*** Begin section ***

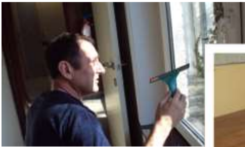
Lenteschoonmaak.... Onze bezoekers helpen graag bij licht huishoudelijk werk.
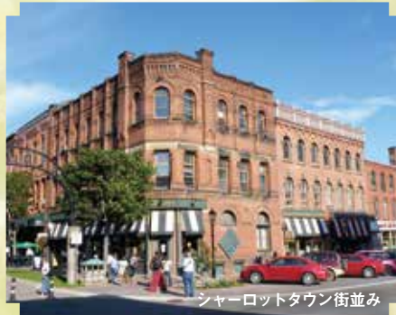
シャーロットタウン街並み

プリンスエドワード島の州都。物語ではアンが進学するクイーン学院のある都会として登場する美しい町です。カナダ建国史跡・州議事堂、19世紀の古風な街並みの散策、ショッピングをお楽しみいただけます。
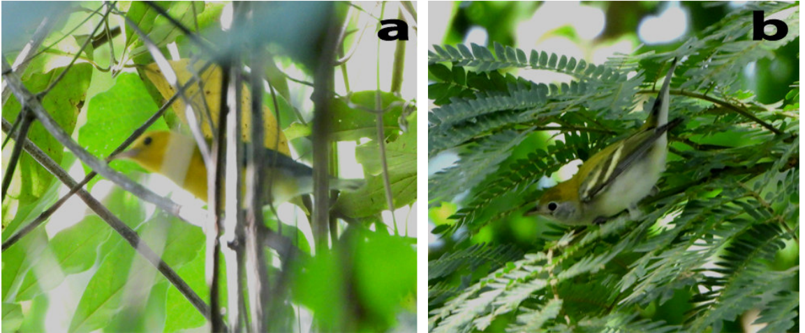
Figura 2. (a) Individuo macho adulto de Reinita protonotaria Protonotaria citrea . (b) Individuo macho juvenil de Reinita de lados castaños Setophaga pensylvanica . Observados el 16 de octubre de 2023 en una zona urbana de San Cristóbal, estado Táchira, Venezuela.

Un individuo solitario fue observado el 15 de octubre a las 09:02 h, posado y alimentándose de los frutos de un árbol de Ficus sp., cerca de la Quebrada La Potrera (7°48'19.28"N, 72°11'57.62"O), donde fue fotografiado por primera vez. Posteriormente, el 16 de octubre a las 10:00 h se sumaron más observadores, cuando se pudo obtener más evidencia fotográfica, además se aplicó playback con el reclamo de diversas especies del género Myiodynastes , el individuo solo se acercó con el reclamo de M. luteiventris , pero no vocalizó (Contreras et al. 2023). Así mismo, todas las marcas de campo que se muestran en las fotografías (Figura 3), indican que se trataba de un Myiodynastes luteiventris , el color y forma del pico, la extensión de mancha gular y el patrón de las estrías en el vientre no se corresponden con alguna de las subespecies en el complejo maculatus que pudieran tener similitud.

*** End section ***

◆ **EXERCISE PROMPT**: From the first line to the last, repeat the data above exactly and leave the pictures out.

◆ **RESPONSE**:
Lenteschoonmaak.... Onze bezoekers helpen graag bij licht huishoudelijk werk.
シャーロットタウン街並み

プリンスエドワード島の州都。物語ではアンが進学するクイーン学院のある都会として登場する美しい町です。カナダ建国史跡・州議事堂、19世紀の古風な街並みの散策、ショッピングをお楽しみいただけます。
Figura 2. (a) Individuo macho adulto de Reinita protonotaria Protonotaria citrea . (b) Individuo macho juvenil de Reinita de lados castaños Setophaga pensylvanica . Observados el 16 de octubre de 2023 en una zona urbana de San Cristóbal, estado Táchira, Venezuela.

Un individuo solitario fue observado el 15 de octubre a las 09:02 h, posado y alimentándose de los frutos de un árbol de Ficus sp., cerca de la Quebrada La Potrera (7°48'19.28"N, 72°11'57.62"O), donde fue fotografiado por primera vez. Posteriormente, el 16 de octubre a las 10:00 h se sumaron más observadores, cuando se pudo obtener más evidencia fotográfica, además se aplicó playback con el reclamo de diversas especies del género Myiodynastes , el individuo solo se acercó con el reclamo de M. luteiventris , pero no vocalizó (Contreras et al. 2023). Así mismo, todas las marcas de campo que se muestran en las fotografías (Figura 3), indican que se trataba de un Myiodynastes luteiventris , el color y forma del pico, la extensión de mancha gular y el patrón de las estrías en el vientre no se corresponden con alguna de las subespecies en el complejo maculatus que pudieran tener similitud.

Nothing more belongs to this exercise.